There is still by the way among some of the Syrian Islamists the nagging feeling that it was the Syrian government who actually favored/created/protected the ISIL---1) by releasing the Islamists out of their prisons ISIL growth took off, 2) areas controlled by ISIL have not been bombed or shelled by the Assad military and 3) ISIL has been selling oil from their controlled areas (oil production points)of Syria to the Syrian government. The question still floats out there---did Assad create the ISIL Syrian wing in order to declare to the world that he is under attack from "terrorists"---interesting thought.

So in reality the "ideological" drive of AQ central has no effect what so ever in Syria and or other locations---so is AQ central even "ideologically" relevant going forward?

IMO ---actually no.

We have wasted so much time and money attempting to corner/damage AQ central when in effect their affiliate's are causing more emancipation problems within AQ than we the US have managed to do since 9/11.

There is a tendency in these discussions to refer to "AQ" when we should be speaking of a spectrum of radical Islamist groups that have adopted terrorism as part of their tool kit. The extent to which any given group is inspired by or directly subordinate to "AQ Central" is really not that important, IMO, in determining the threat posed by any given group.

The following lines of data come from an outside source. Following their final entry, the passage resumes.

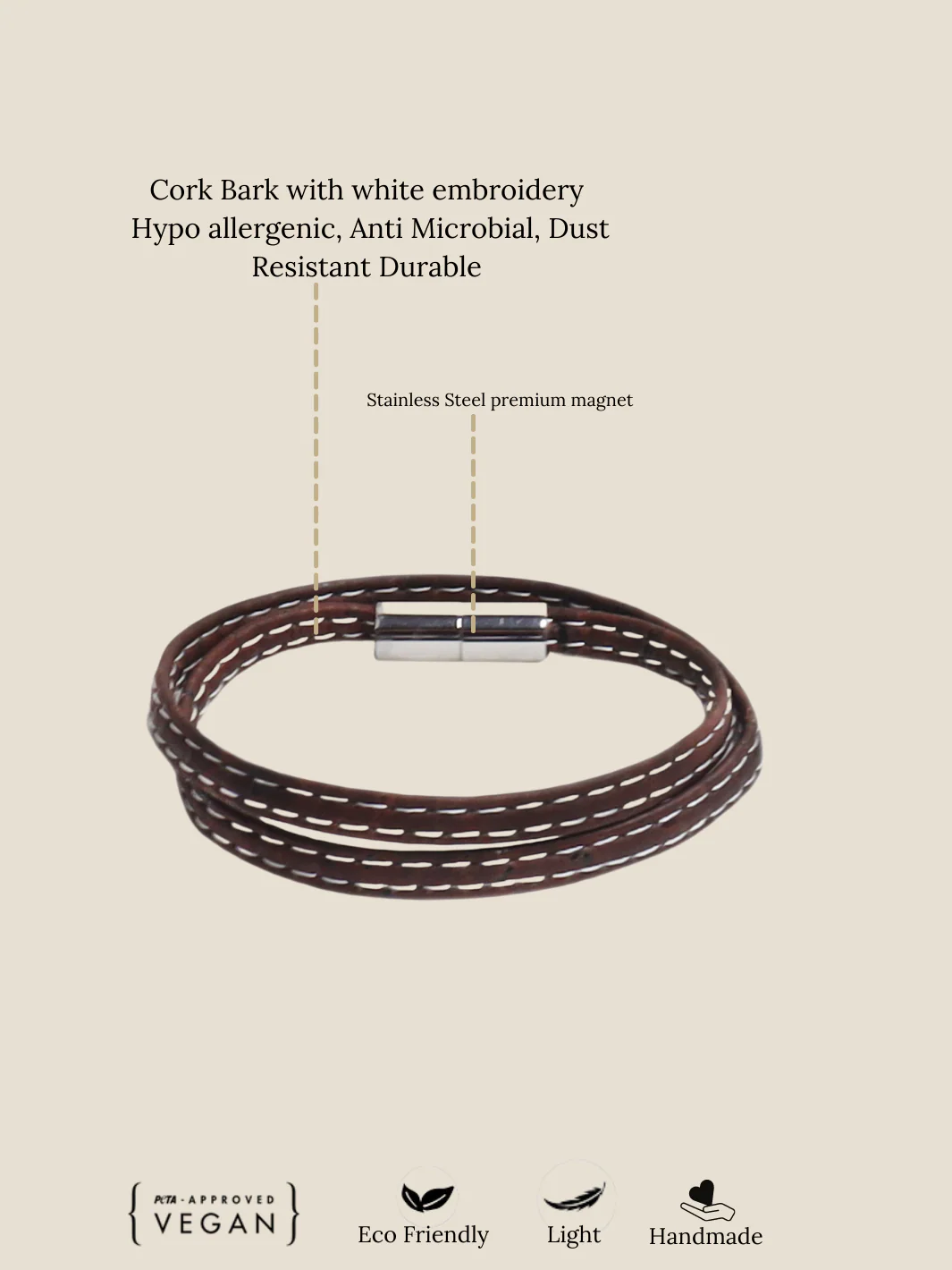 A standout addition to your office wear or weekend smart casual is our Loop Bracelet in genuine Cork with a self-embroidered pattern. Wrap it around your wrist with a watch or keep it bare, it is a conversation starter and adds a new dimension to your personality.
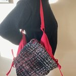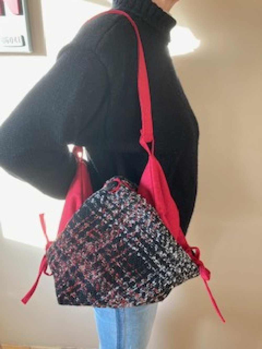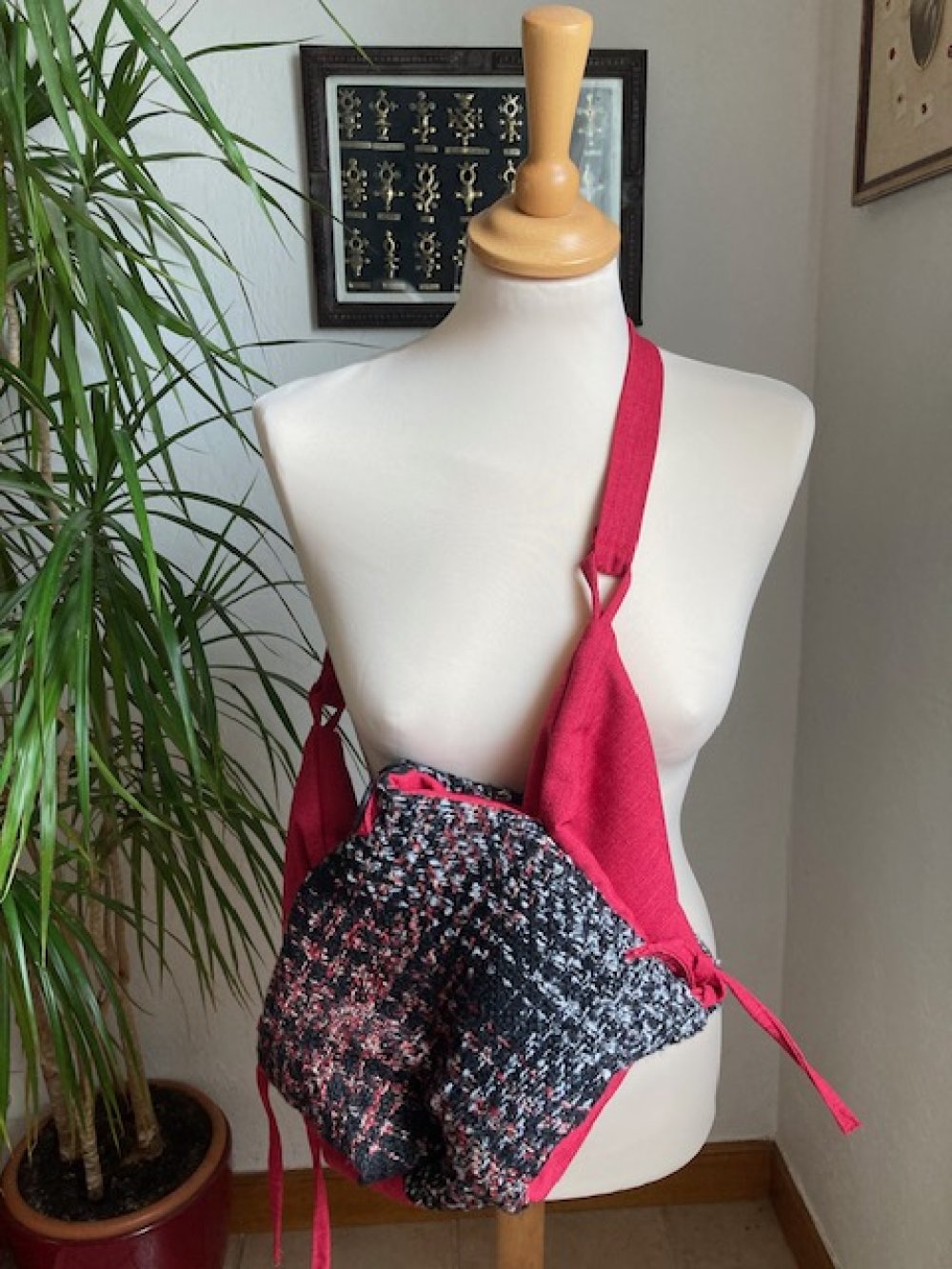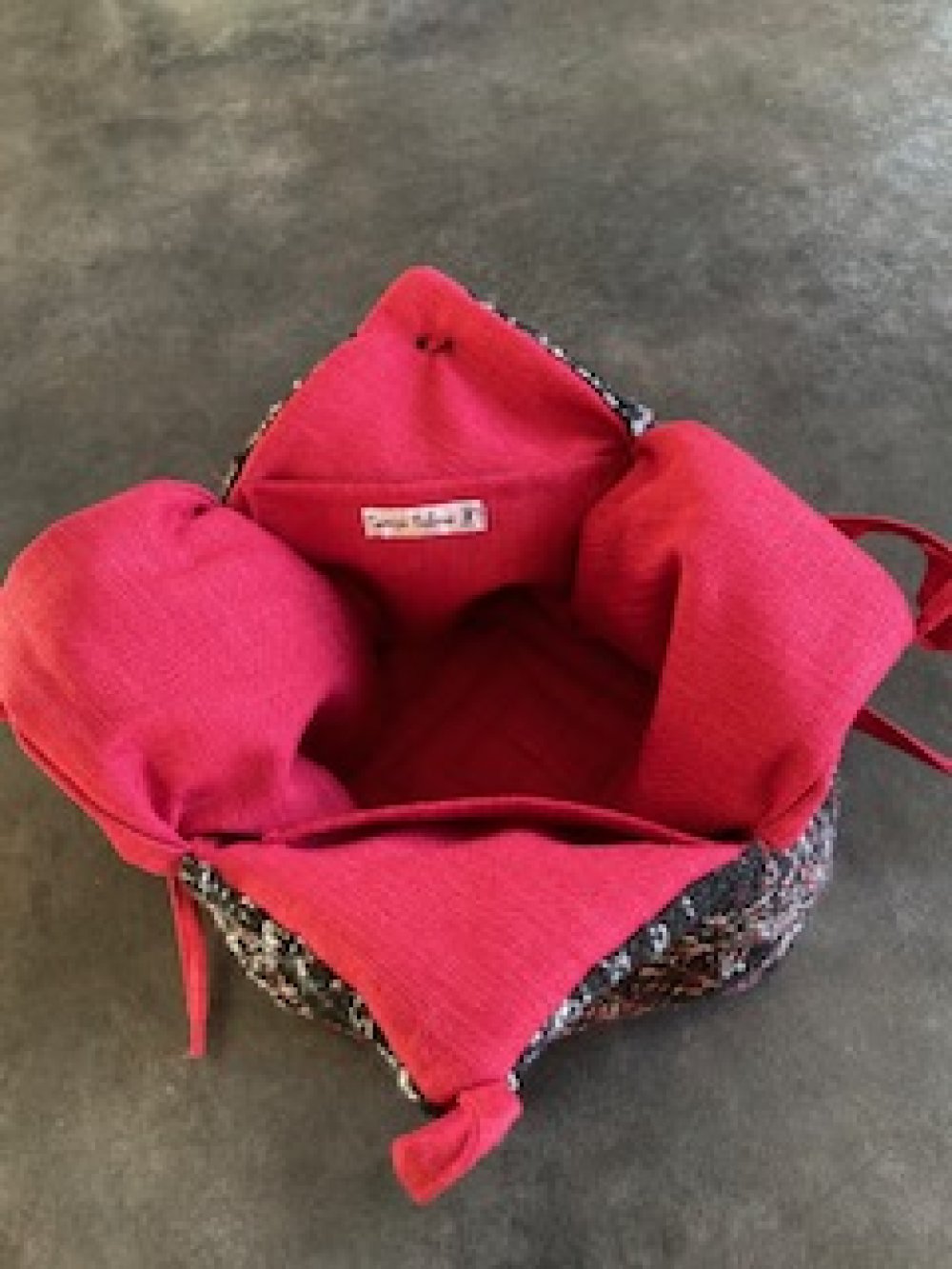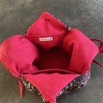 Un sac en tissu style jean imprimé d'une forme rigolote, entièrement doublé en toile de Jouy beige et rose avec 2 poches intérieures. Les liens sur le côté peuvent se défaire pour avoir encore plus de volume. Chaque modèle est unique.
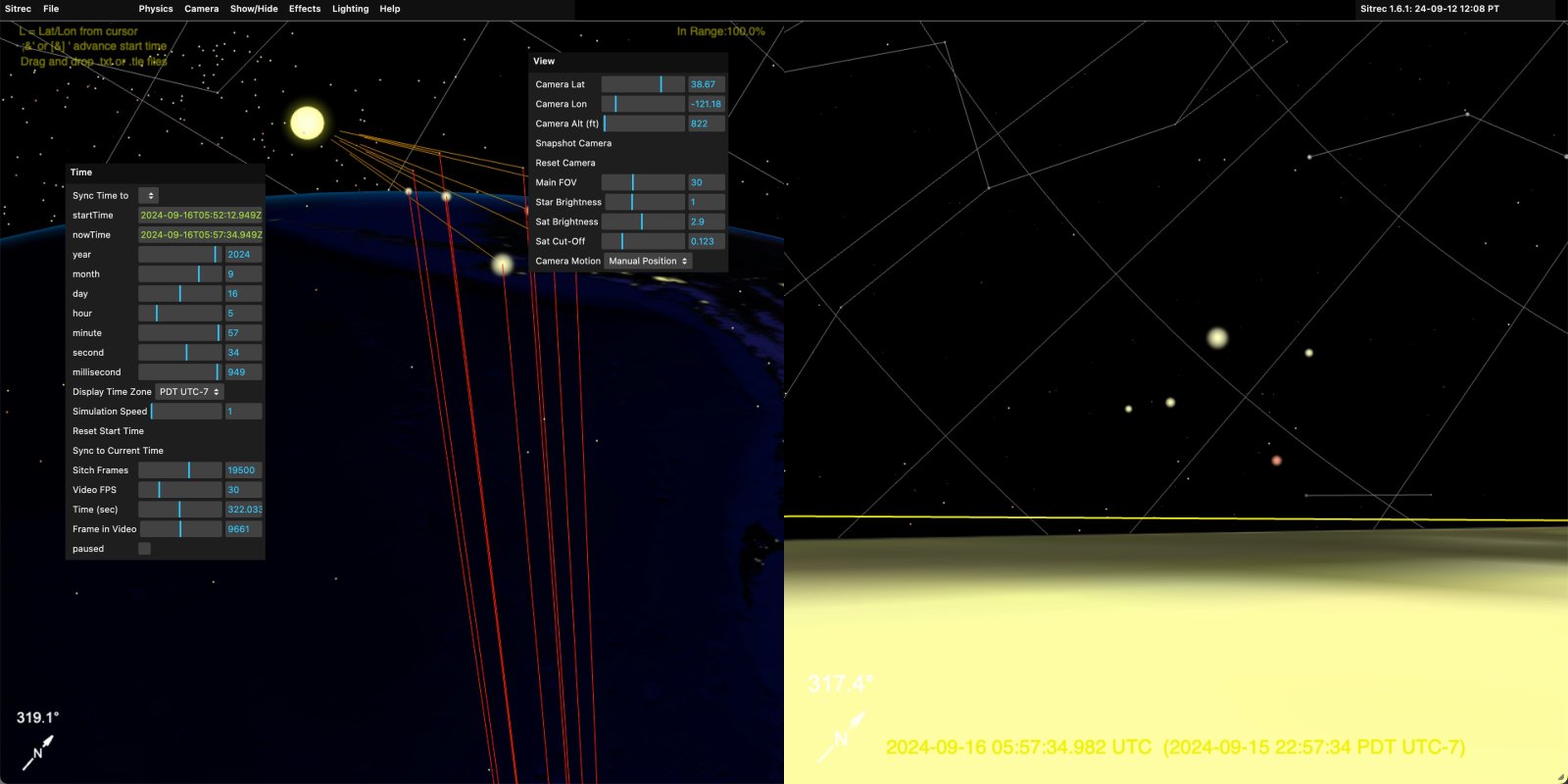 Two satellites following different paths converge on a star. Satellite A is heading from our left, up to our right at a shallow angle to the bottom of the frame. Satellite B is heading from our right to our left, at a greater angle to the bottom of the frame. They converge on a star, which I've labeled, and crisscross. Then two more satellites follow satellite A on the same path.
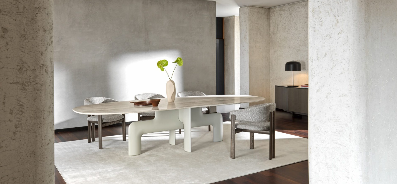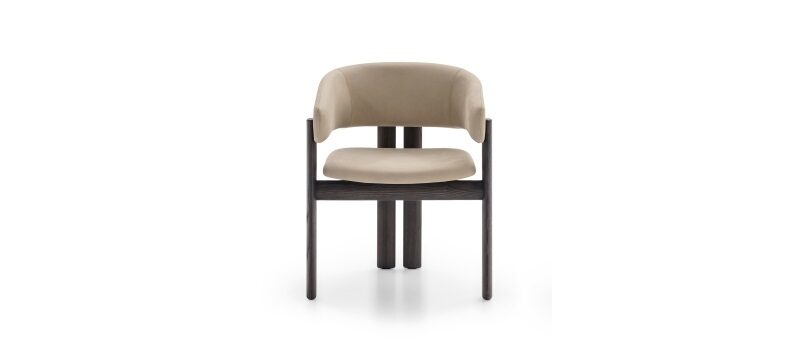 Attractive and refined shapes give rise to a composition comprising a table – in various sizes – and a chair – covered with leather or fabric. An original and concurrently classic look for the set, like an urban landscape which harmoniously brings together different souls.
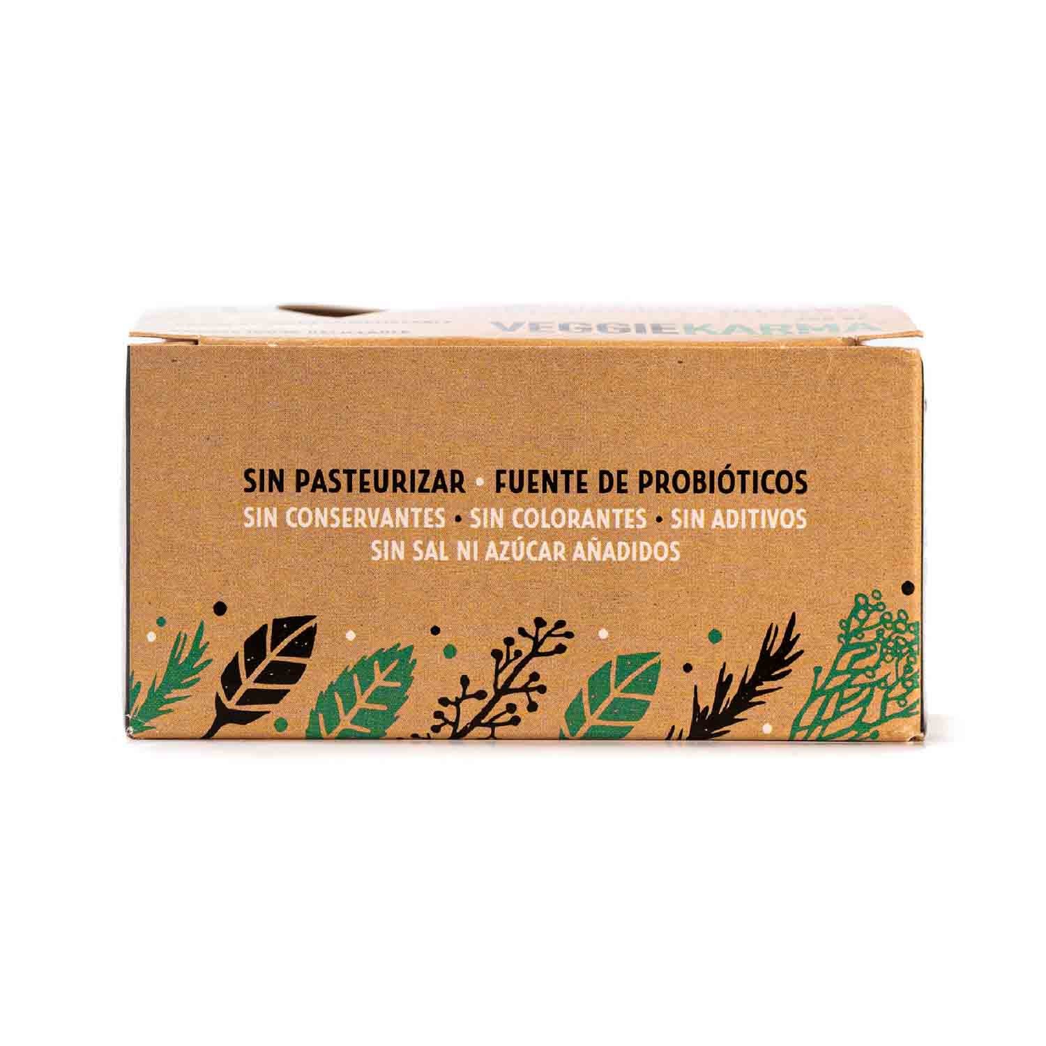 El Queso Vegano Semicurado a las Finas Hierbas de Veggie Karma es un queso vegetal artesanal, fermentado y ecológico. Es libre de gluten y se considera un alimento crudo y saludable, rico en proteínas de alta calidad, grasas saludables (omega 3, 6 y 9), probióticos, vitaminas y minerales. Contiene una mezcla de finas hierbas provenzales, reconocidas por su contenido en fibra, calcio y vitamina C.

An aspiring AQ competitor looking to make their bones with a highly visible action is likely more dangerous than "AQ Central".

There is a really good article that goes to this article by Robert---

http://www.foreignpolicy.com/articles/2014/02/04/war_on_error_al_qaeda_t...

Five questions were raised which go to what I mentioned as well as Robert's article.

1. Do we believe jihadist warfighting organizations present a national security threat on a similar order to terrorist groups?

2. What policy tools do we need to deal with such organizations?

3. If such organizations are a national security threat by their nature, does it matter whether a group calls itself al Qaeda or not?

4. How do we address our concerns about these groups without embroiling ourselves in a series of counterproductive wars all over the globe?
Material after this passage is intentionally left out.